The baby in this photo, originally from The Neuropathology Web at Northeastern Ohio U College of Medicine, seems normal at first glance: it can breathe, suck, wave its arms and legs, coo, and even smile. But it will never see, hear or become human. The backlighting shows that there is no brain in the skull. More accurately, in the condition called Hydranencephaly, the brain stem is present, and perhaps part of the cerebellum, but none of the cerebrum and cortex are present.

Such infants seldom live longer than a few days, though a very few, with care, have lived twenty years or more. They never see, hear, or respond to anything but the painful stimuli that the brain stem mediates. The brain stem is the "reptile brain" that underlies all other brain structures. It has been around the longest, in an evolutionary sense, and is the most resilient. In mammals, the reptile brain has lost the structures that once dealt with seeing and hearing, and yielded those functions to the cortex. This baby has no cortex.

The cerebellum controls gross motions, so if it is entirely lacking the baby won't even wave its limbs. But there are several "superior" structures that have to be present for the infant to learn to eat rather than suck, or even to move the limbs in any coordinated way. Even more of the brain is needed for any trace of "humanness" to exist. A case like this is equivalent to the most damaging head wounds. There is nothing for a doctor to work with, no actual patient whose life could be saved, or even temporarily improved.

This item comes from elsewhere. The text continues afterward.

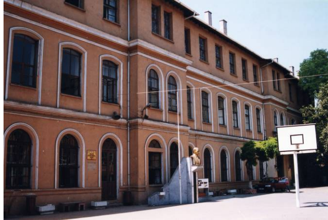
Darülfünun-ı Şahane’nin (1900) açıldığı ve bugün Çağaloğlu Anadolu Lisesi’ni barındıran bina.

Bu notu aldıktan sonra, bize iki yıl önce, Darülfünun’un bugün Eminönü Belediye Başkanlığı tarafından kullanılan binada açıldığını söylemiş olan ve bugün 80 yaşını aşmış olan kişiyle yeniden görüştük. Kendisi bu bilgiye teyit etmekte tereddüt etti. Bunun üzerine makalemizdeki yanlış bilgiyi düzeltmek için, A. Baltacıoğlu’nun notunu yayımlamak ve okuyuculara verdiğimiz yanlış bilgiyi düzeltmek istedik. Sonuç olarak, 1900 Darülfünunu’nun bugün Çağaloğlu Anadolu Lisesi’ni barındıran eski Mekteb-i Mülkiye binasında açıldığını söyleyebiliriz.

At the other end of life (many years later for nearly all of us), the lucky ones are those who die with their wits intact. That is about half of us. For the other half, various degenerative conditions set in toward the end of life, and for most, doctors can offer only "supportive" care. They can help you feel better as you lose your memory and reasoning abilities. This is particularly poignant for me, as I come from a family that is prone to Alzheimer's dementia. Will I be like my mother, who died almost mindless at age 82, or like my father, who is a robust and very intelligent 87-year-old (though he is getting a bit creaky)?

In her last chapter, Dr. Firlik speculates on the future of neuroscience. Will we one day be able to get a "brainlift", at a cost comparable to a facelift? Will the various dementias be conquered? I join her in hoping so.